Please note that most racing venues distances had become varied throughout the years, the ones given above were at once point set and offers only a guidance to the track size.
Please note that alterations at most racing venues throughout its existence would see that the circumference of the track would vary, the one shown above offers only a guidance to the track size.
BIG RACE NAMES—————————None found.
STADIUM SHARED WITH——————Speedway 1937-1964.
LAST MEETING——————————-14th January 1935.
Greyhound Racing only.
STADIUM CLOSURE DATE—————-November 1964.
Meaning other sports may have taken place after Greyhound Racing had ceased.
BUILT ON SITE——————————-Housing and a landscaped play ground on the Meadow Road Housing Estate now occupies the site of the old stadium.
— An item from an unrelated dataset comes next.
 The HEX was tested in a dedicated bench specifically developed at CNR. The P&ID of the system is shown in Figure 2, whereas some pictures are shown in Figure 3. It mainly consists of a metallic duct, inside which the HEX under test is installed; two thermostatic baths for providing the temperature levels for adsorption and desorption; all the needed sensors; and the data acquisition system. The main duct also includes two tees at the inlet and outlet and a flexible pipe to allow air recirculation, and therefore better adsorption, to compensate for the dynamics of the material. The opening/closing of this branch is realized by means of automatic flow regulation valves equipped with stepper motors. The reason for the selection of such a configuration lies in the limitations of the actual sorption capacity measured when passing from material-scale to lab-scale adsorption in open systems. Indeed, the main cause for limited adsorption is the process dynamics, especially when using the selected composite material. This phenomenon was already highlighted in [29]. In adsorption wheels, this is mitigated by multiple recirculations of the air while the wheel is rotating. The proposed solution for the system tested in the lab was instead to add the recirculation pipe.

In some cases, structure’s that originally covered the venue after the stadium had been demolished, may have been themselves demolished too, so the one described is more likely to be the one which now presently covers the site.
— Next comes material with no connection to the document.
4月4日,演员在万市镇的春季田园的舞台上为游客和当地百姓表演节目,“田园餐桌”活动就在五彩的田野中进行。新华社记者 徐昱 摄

EVIDENCE LEFT TODAY——————-Nothing known of.
Norwich became one of only a handful of cities away from London, to host a cluster of Greyhound Racing venues. One of those was at The Firs Greyhound Stadium, which became the first of four greyhound tracks that would begin operations during the 1930’s. The Firs was located roughly three miles north of Norwich city centre, in a district known as Hellesdon, situated along Aylsham Road roughly a quarter of a mile south west of were Norwich Airport lies today. The original site had been nothing more than farm grazing land, but it soon took the shape of a grass Speedway track during 1930. The Speedway had become so much of an attraction, that in 1931, a more permanent cinder track was laid, with the track itself becoming fenced off, along with the erection of earth banks to create better spectator viewing. In 1932, a grandstand was erected, a year in which also witnessed the introduction of Greyhound Racing. Competition was on the cards from the word go, as another new greyhound stadium was under construction at Boundary Park, just one mile south of The Firs track. Both greyhound tracks would see events staged under NGRC rules, with The Firs track promoting its first meeting on the 30th of July 1932, nine weeks prior to the one at Boundary Park. Sadly, the stiff competition created between the two tracks, contributed to The Firs premature closure, after less than three years of operation, its final meeting came on the 14th of January 1935. Speedway continued at The Firs, only to be interrupted by the hostilities of the Second World War, a period on which the track became closed to all sporting events. By the 1960’s the city of Norwich was expanding rapidly, and the need of land to build new housing was becoming more apparent. It came as no surprise when in 1964 the stadium closed, having been sold to developers. Although derelict, the stadium hosted a handful of speedway practice sessions during 1965, the year in which The Firs eventually became demolished. By the end of the 1960’s a new housing estate had covered the site, and that is how it remains today, with houses on Meadow Road and a children’s recreation park pinpointing its once location, yet it leaves no trace of a stadium ever having been there.